Your answer must be an exact copy of the lines below, from the first through the one with "- Загрявам олиото", with no pictures.

SUPPLIED MATERIAL ::

_____

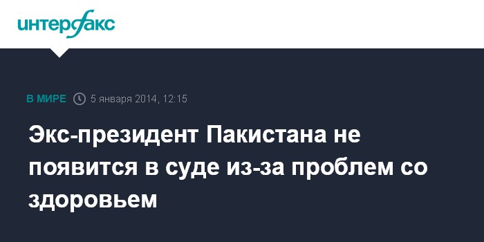 Москва. 5 января. INTERFAX.RU - Бывший пакистанский президент Первез Мушарраф не сможет прибыть на судебные слушания, назначенные на понедельник, ввиду проблем с сердцем, сообщил в воскресенье индийский телеканал NDTV со ссылкой на его адвоката Ахмеда Разы Касури.
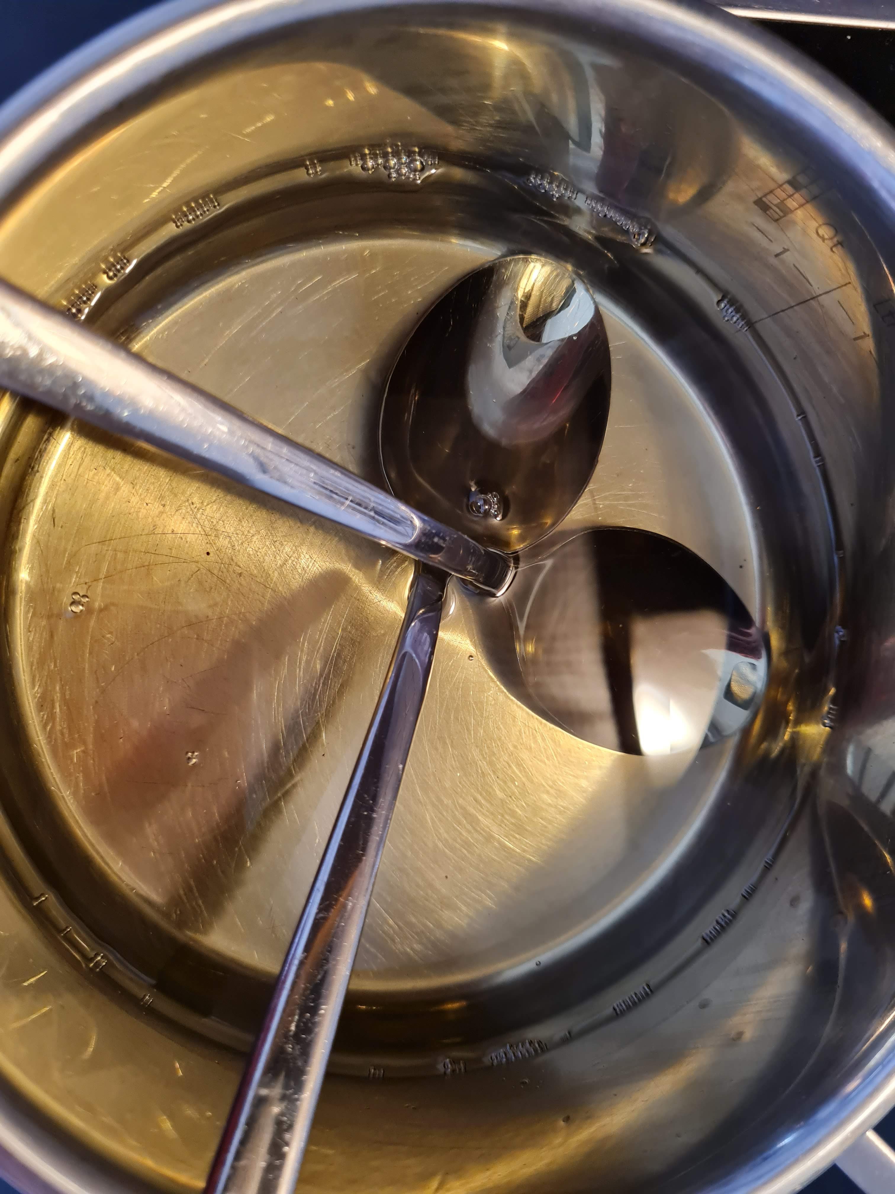 - Загрявам олиото (аз използвам 500 мл за малка касерола) до 160 – 180 градуса.
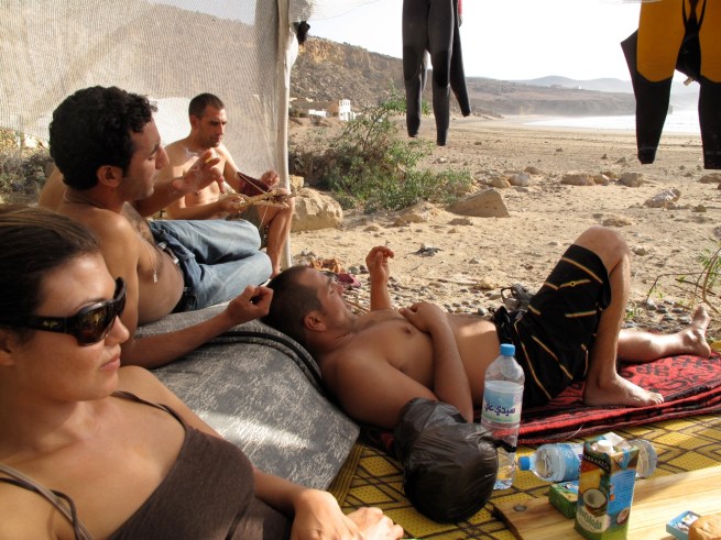 The next morning Karim took us to his secret surf spot at Rock Beach. It was a beautiful bay with what seemed to be an abandoned fishing village. We set up a little tent to protect us from the sun and spent the day surfing, and kicking it in the shade. The beach break was fun with a few small hollow barrels but the point break wasn’t working. It was nice to surf with only our buddies and to kick it on the beach all day.

_____

RESPONSE TO THE TASK ::
 Москва. 5 января. INTERFAX.RU - Бывший пакистанский президент Первез Мушарраф не сможет прибыть на судебные слушания, назначенные на понедельник, ввиду проблем с сердцем, сообщил в воскресенье индийский телеканал NDTV со ссылкой на его адвоката Ахмеда Разы Касури.
 - Загрявам олиото (аз използвам 500 мл за малка касерола) до 160 – 180 градуса.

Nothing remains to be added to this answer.